_PROVIDED DATA_
_ _ _
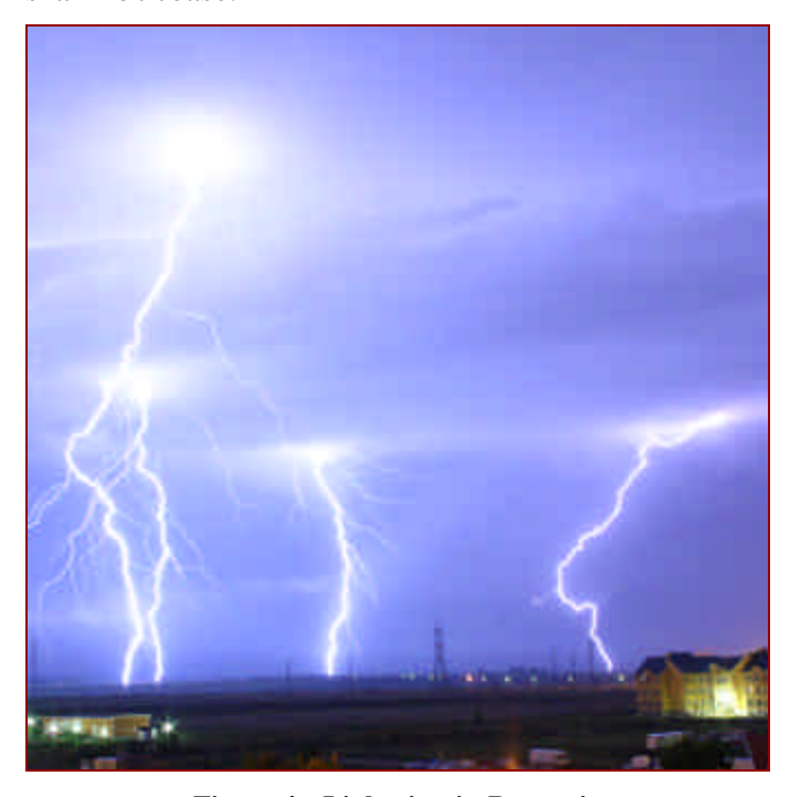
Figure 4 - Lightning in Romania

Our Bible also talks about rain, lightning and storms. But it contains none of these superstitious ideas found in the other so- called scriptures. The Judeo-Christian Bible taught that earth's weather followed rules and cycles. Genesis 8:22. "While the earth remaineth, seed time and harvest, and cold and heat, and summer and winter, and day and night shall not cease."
_ _ _
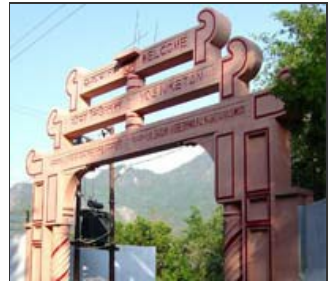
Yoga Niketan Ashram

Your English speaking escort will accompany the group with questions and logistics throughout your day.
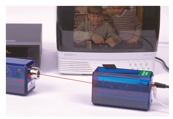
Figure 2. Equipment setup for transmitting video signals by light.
_ _ _
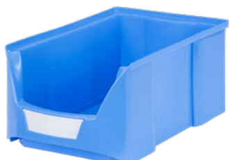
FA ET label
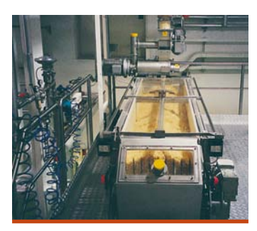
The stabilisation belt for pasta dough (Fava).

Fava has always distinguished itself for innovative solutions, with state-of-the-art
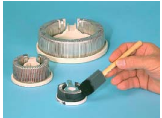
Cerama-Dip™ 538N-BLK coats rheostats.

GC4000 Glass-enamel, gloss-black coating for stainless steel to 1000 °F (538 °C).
_ _ _
_WHAT TO WORK ON_
All that is wanted is a faithful reproduction of the line above with "Figure 4 - Lightning in Romania", the line with "Our Bible also", and every line in between.

_WRITTEN SOLUTION_
Figure 4 - Lightning in Romania

Our Bible also talks about rain, lightning and storms. But it contains none of these superstitious ideas found in the other so- called scriptures. The Judeo-Christian Bible taught that earth's weather followed rules and cycles. Genesis 8:22. "While the earth remaineth, seed time and harvest, and cold and heat, and summer and winter, and day and night shall not cease."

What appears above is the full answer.